Пьер был молчалив и задумчив во все время этого обеда. Он, как бы не понимая, посмотрел на графа при этом обращении.
– Да, да, на войну, – сказал он, – нет! Какой я воин! А впрочем, все так странно, так странно! Да я и сам не понимаю. Я не знаю, я так далек от военных вкусов, но в теперешние времена никто за себя отвечать не может.

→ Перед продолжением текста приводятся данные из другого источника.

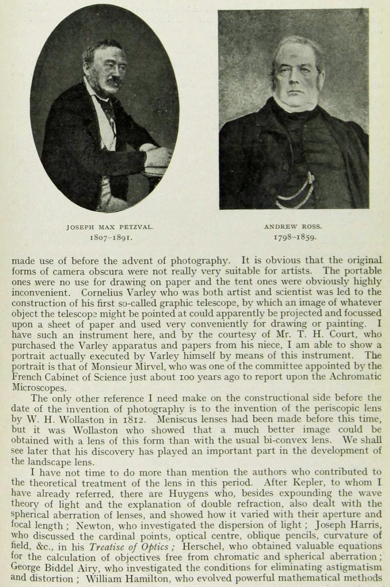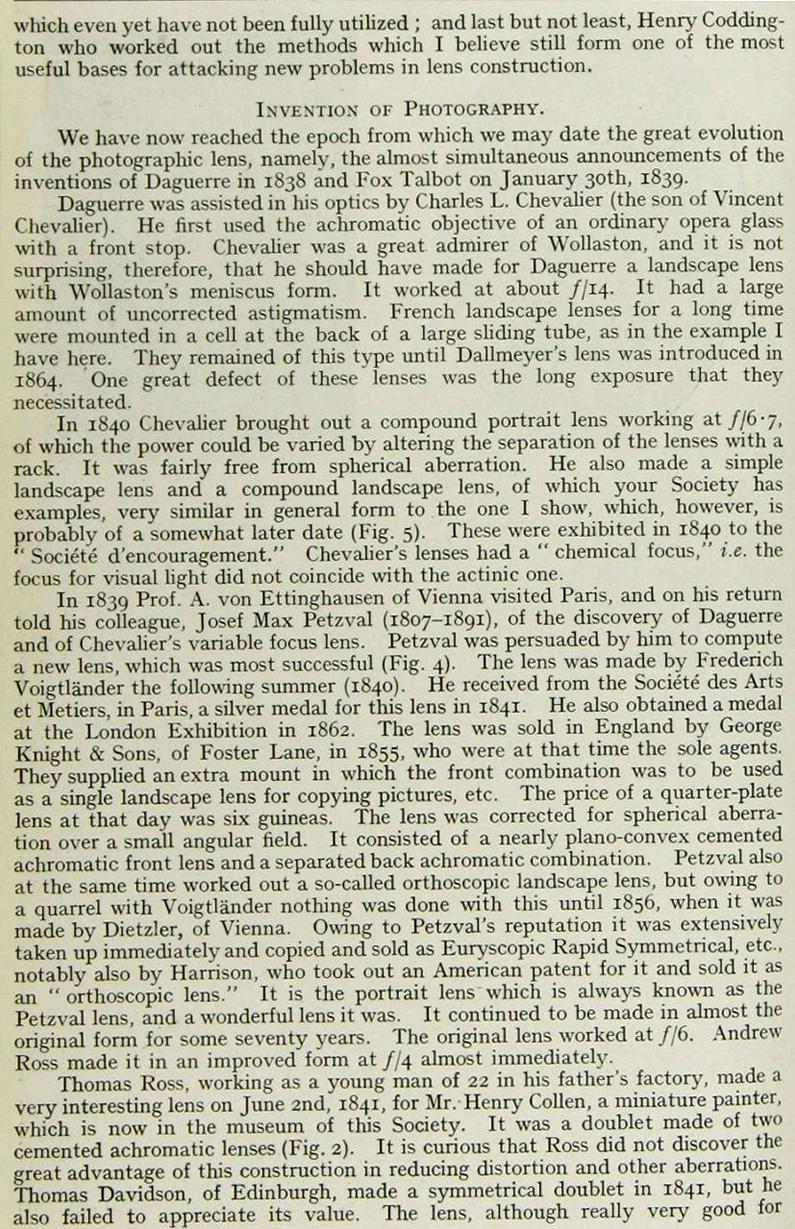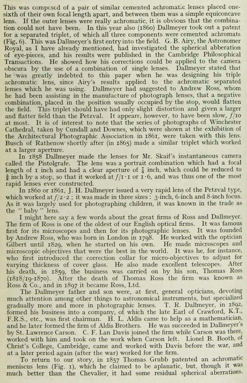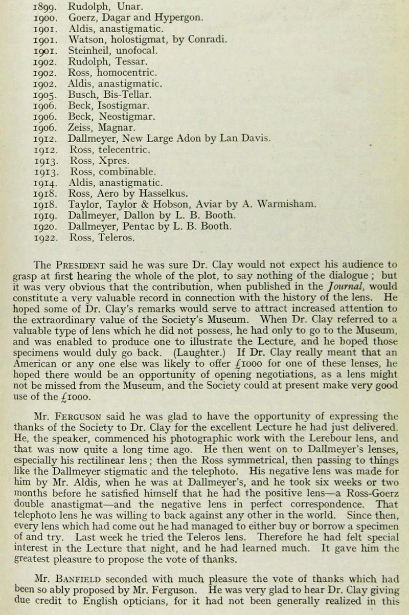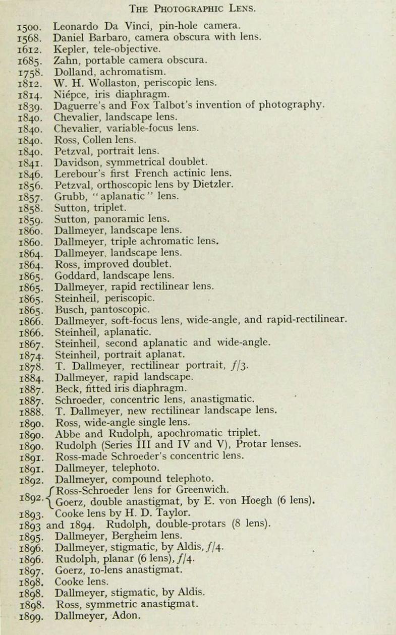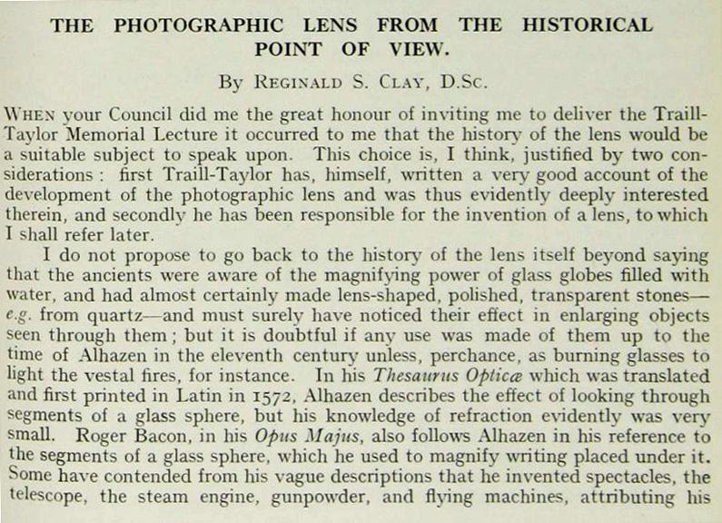 Various histories of the photographic lens have been written over the last 150+ years and each has its own "version" frequently based on the author's country of origin. Presented below is a history of the lens written by Reginald S. Clay in The Photographic Journal of the Royal Photographic Society, November 1922 issue.

После обеда граф уселся покойно в кресло и с серьезным лицом попросил Соню, славившуюся мастерством чтения, читать.
– «Первопрестольной столице нашей Москве.
Неприятель вошел с великими силами в пределы России. Он идет разорять любезное наше отечество», – старательно читала Соня своим тоненьким голоском. Граф, закрыв глаза, слушал, порывисто вздыхая в некоторых местах.
Наташа сидела вытянувшись, испытующе и прямо глядя то на отца, то на Пьера.
Пьер чувствовал на себе ее взгляд и старался не оглядываться. Графиня неодобрительно и сердито покачивала головой против каждого торжественного выражения манифеста. Она во всех этих словах видела только то, что опасности, угрожающие ее сыну, еще не скоро прекратятся. Шиншин, сложив рот в насмешливую улыбку, очевидно приготовился насмехаться над тем, что первое представится для насмешки: над чтением Сони, над тем, что скажет граф, даже над самым воззванием, ежели не представится лучше предлога.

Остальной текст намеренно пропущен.